Endplate pH measurement. To conclusively determine the presence of acidic conditions in the spinal endplate area, a Micro combination pH electrode with a needle tip was used for accurate in vivo pH assessments (9863BN Micro pH Electrode, Thermo Fisher Scientific). Both LSI and sham-operated mice were sedated via i.p. injections of ketamine (100 mg/kg) and xylazine (10 mg/kg). The L3–L5 endplates were then surgically exposed. To protect the surrounding tissues and precisely target the area of interest, sterile gauze was applied. For each mouse, the average pH values at the L3, L4, and L5 endplates were calculated, ensuring accurate representation of the local pH environment within the spinal endplate region.

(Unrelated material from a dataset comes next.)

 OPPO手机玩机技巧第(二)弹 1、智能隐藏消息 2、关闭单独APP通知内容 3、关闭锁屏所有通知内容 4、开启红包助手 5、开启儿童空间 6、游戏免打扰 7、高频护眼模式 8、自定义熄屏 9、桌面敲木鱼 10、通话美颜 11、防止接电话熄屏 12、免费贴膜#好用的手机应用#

Statistics. All data analyses were performed using SPSS, version 24.0, software (IBM). Data are presented as the mean ± SD. In general, an independent sample, 2-tailed t test was used for comparisons among 2 groups, and 1-way ANOVA with Bonferroni’s post hoc test was used for comparisons among multiple groups. For in vivo studies, 2-way, repeated-measures ANOVA with Bonferroni’s post hoc test was performed to test the effect of LSI surgery or genotype on behavior test results at different time points. The effects of LSI surgery or genotype on endplate porosity, osteoclast function, and gene expression were analyzed by 2-way ANOVA with Bonferroni’s post hoc test. For in vitro studies, 2-way ANOVA with Bonferroni’s post hoc test was performed to test the effect of acidic condition or genotype on osteoclast differentiation and function. For all experiments, a P value of less than 0.05 was considered significant. All inclusion/exclusion criteria were preestablished, and no samples or animals were excluded from the analysis. No statistical method was used to predetermine the sample size. The experiments were randomized, and the investigators were blinded to allocation during experiments and outcome assessment.

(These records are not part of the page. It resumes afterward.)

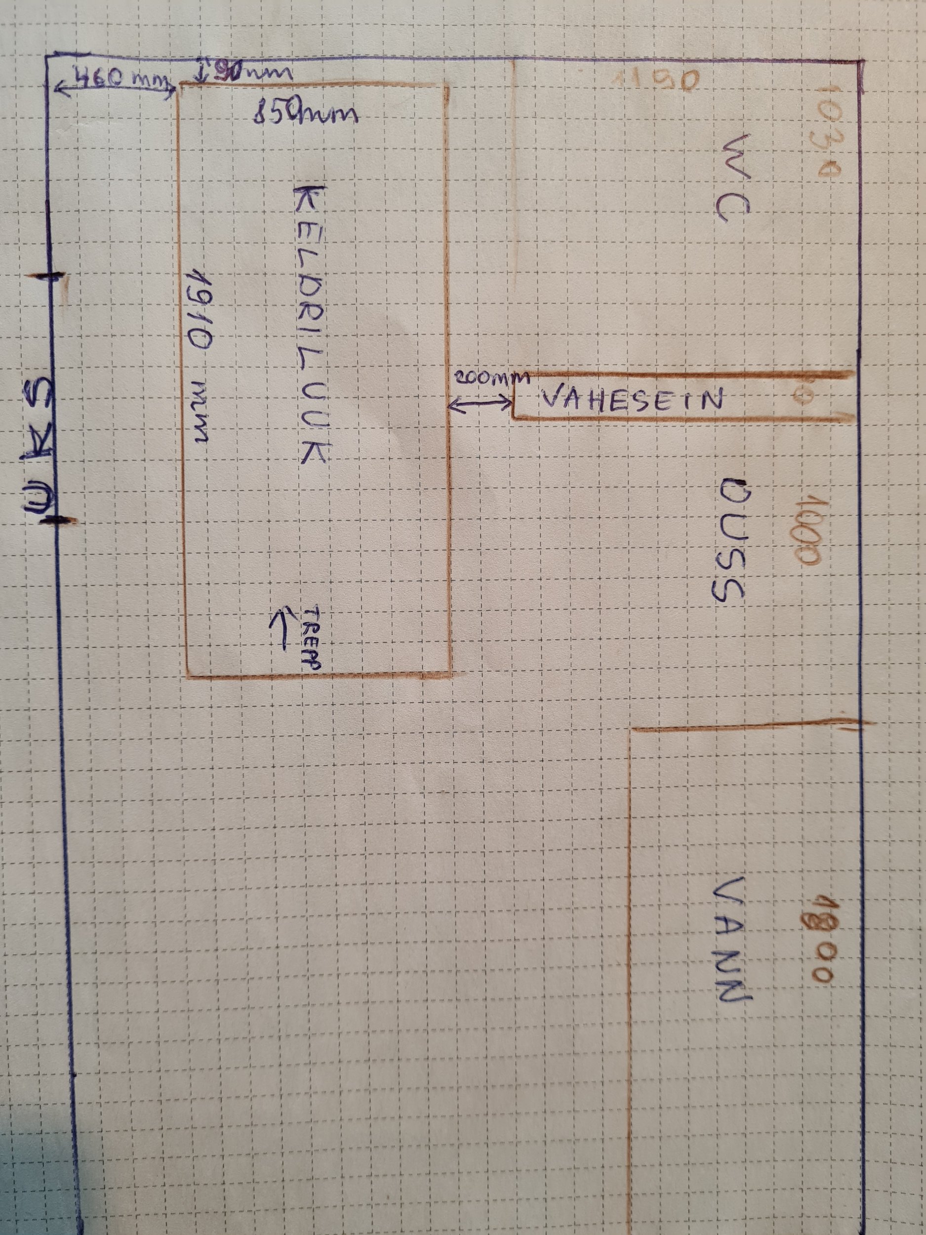 Vajame keldriluuki valmivasse vannituppa. Keldriluugi mõõdud 191cm x 85 cm.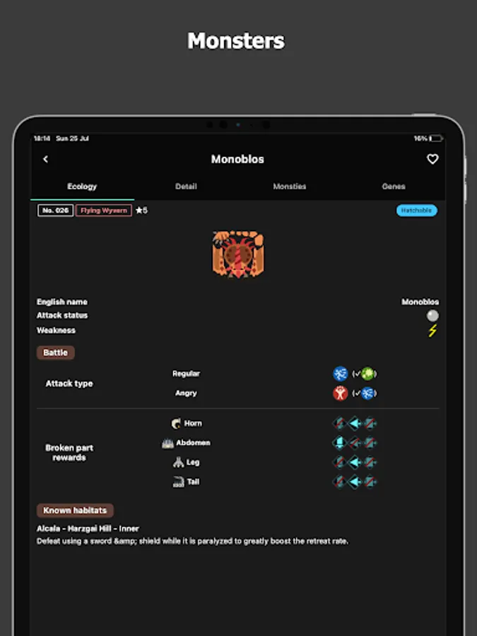 You can check all the game information including monsties, genes, monsters, weapons armors etc.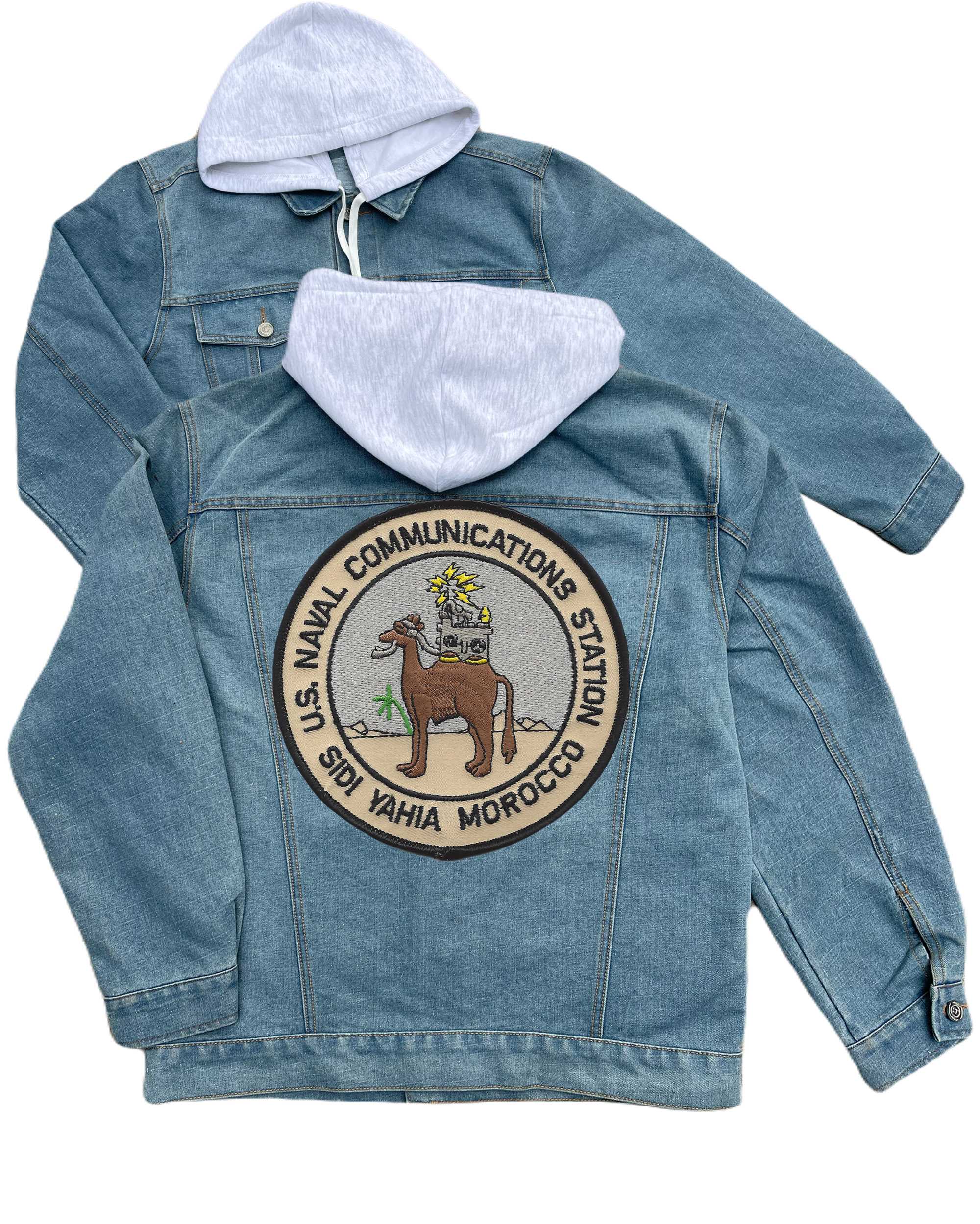 Naval Communications Station Sidi Yahia Morocco Embroidered Hood Jean Jacket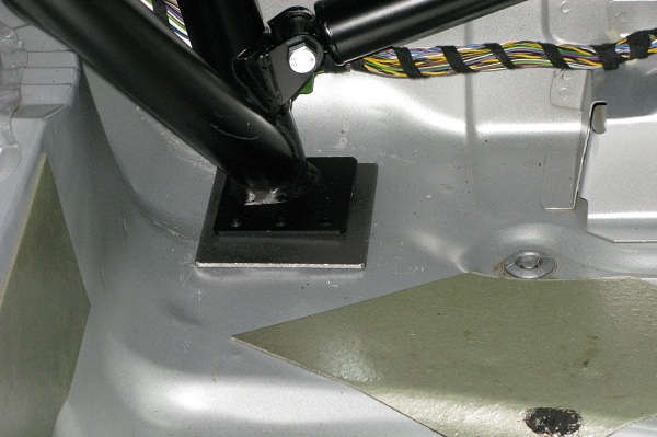 防滾籠在車內腳座部分還要加一個金屬墊片,實際鑽孔則是現場量測以後再實際鑽入三孔。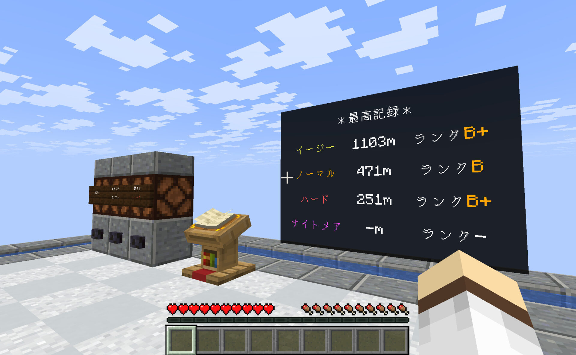 制作者の最高記録は3012m(イージー)/1708m(ノーマル)/632m(ハード)/232m(ナイトメア)です。好記録が出た方はぜひ教えてください。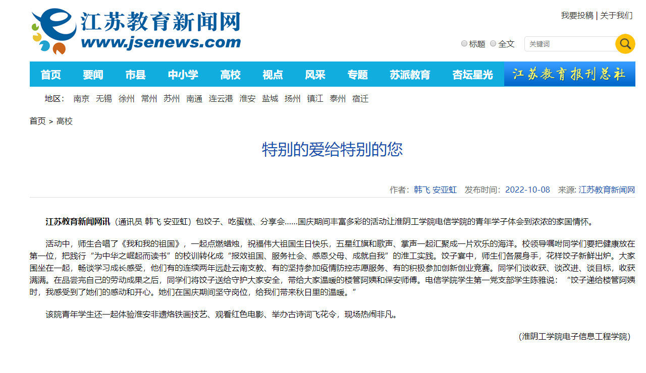 包饺子、吃蛋糕、分享会……国庆期间丰富多彩的活动让淮阴工学院电信学院的青年学子体会到浓浓的家国情怀。

Study approval. The IRB of Johns Hopkins University School of Medical granted a waiver of consent for human participants, as the specimens comprised deidentified tissue archived by the pathology department. This approach aligned with the FDA’s regulations on consent waiver (Organization Policy FDA 50.1), permitting the use of such samples for research without individual consent due to the anonymity and preexisting status of the tissue.

Data availability. Values for all data points in graphs are reported in the Supporting Data Values file.